[MCOL-4533] Research columnstore handling disk I/O errors Created: 2021-02-04  Updated: 2023-07-01

Status: Open
Project: MariaDB ColumnStore
Component/s: None
Affects Version/s: None
Fix Version/s: Icebox

Type: Task Priority: Minor
Reporter: Gregory Dorman (Inactive) Assignee: Sergey Zefirov
Resolution: Unresolved Votes: 0
Labels: None

Issue Links:
PartOf
includes MCOL-4523 Mock file system subsystems to test d... Open
Relates
relates to MCOL-4566 rebuildEM utility must support compre... Closed
Sub-Tasks:
Key
Summary
Type
Status
Assignee
MCOL-4523 Mock file system subsystems to test d... Sub-Task Open Sergey Zefirov  

 Description   

It appears that in many cases when a NFS i/o subsystem returns errors, Columnstore logs a message but takes no further action and proceeds as if nothing bad happened. This policy naturally leads to serious problems like corruption of databases, maybe incorrect query responses. Some examples of what appears in some customers logs:

  • controllernode[1000861]: 49.535374 |0|0|0| C 29 CAL0000: VSS::load(): No such file or directory
  • writeengine[1074762]: 18.480080 |0|92|0| I 19 CAL0080: Compression Handling: Compressed data does not fit, caused a chunk shifting
  • IDBFile[1211506]: 31.500512 |0|0|0| D 35 CAL0002: Failed to open file: /var/lib/columnstore/data1/systemFiles/dbrm/DMLLog_182_1, exception: unable to open Buffered file

This task is ONLY (repeat - ONLY) about studying the code and producing a written document describing what the code does when something abnormal is detected.
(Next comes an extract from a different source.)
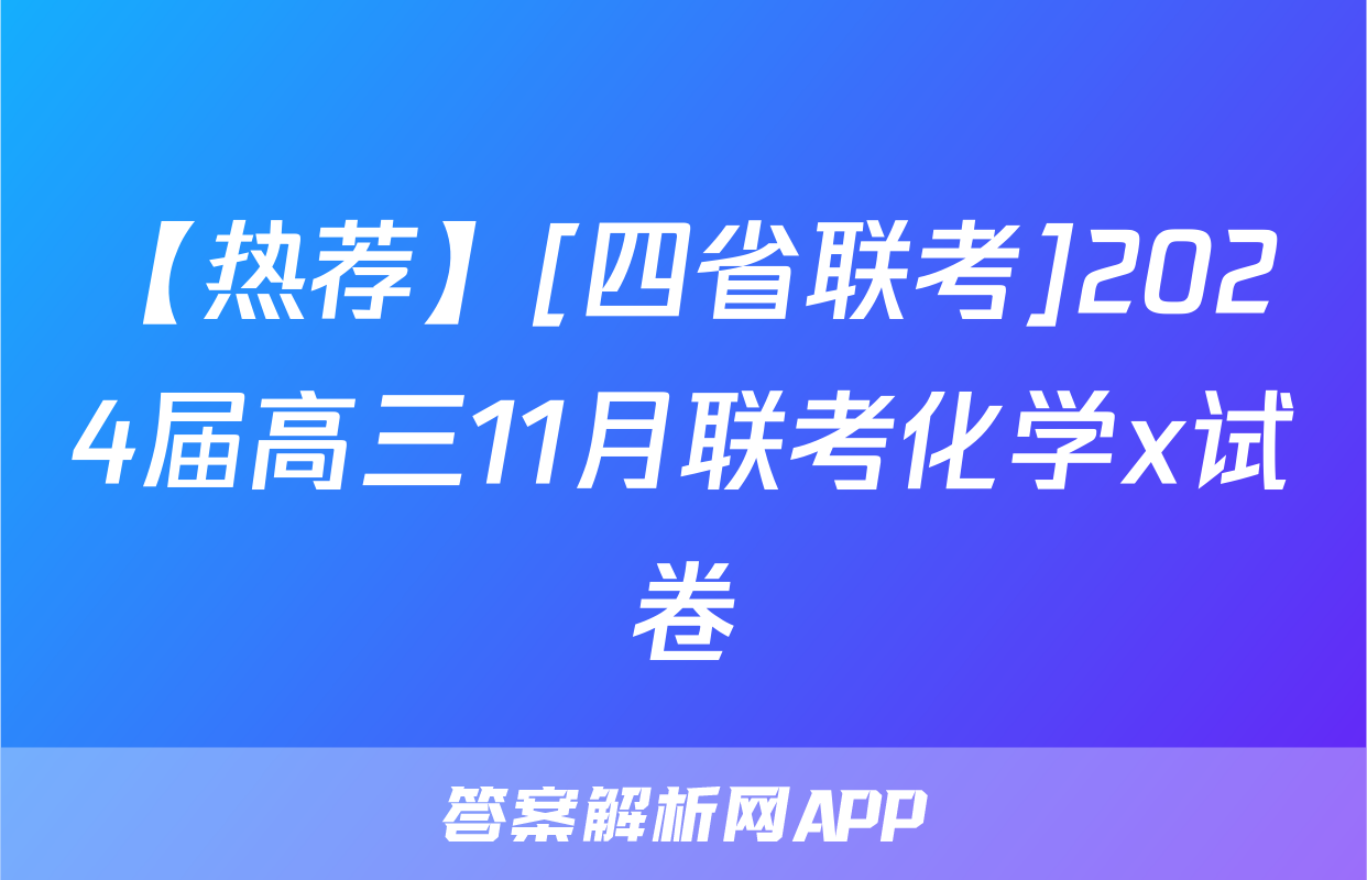 【热荐】[四省联考]2024届高三11月联考化学x试卷正在持续更新,目前2026届黄冈八模答案网为大家整理了相关试题及答案,供大家查缺补漏,高效提升成绩。

There should be NO development actions. Opinions on what to change are welcome but not required or expected at this stage.

Among other things whether the text of error messages is faithful to the event or error code received (there is a fear that they are insufficiently fine grained and end up masking the underlying problem instead of illuminating it). But primarily:

  • what do we actually do in each case (looks like we just proceed and pray hard than tnothing bad will happen, but this needs validation).
  • as we go on, what are the possible consequences? Can we later on get a corrupted extent map and blow up the database? Can we corrupt S3 metadata? Can we start returning wrong results to the select statements in case of "compressed data does not fit"?
  • Other?

Generated at Thu Feb 08 02:51:04 UTC 2024 using Jira 8.20.16#820016-sha1:9d11dbea5f4be3d4cc21f03a88dd11d8c8687422.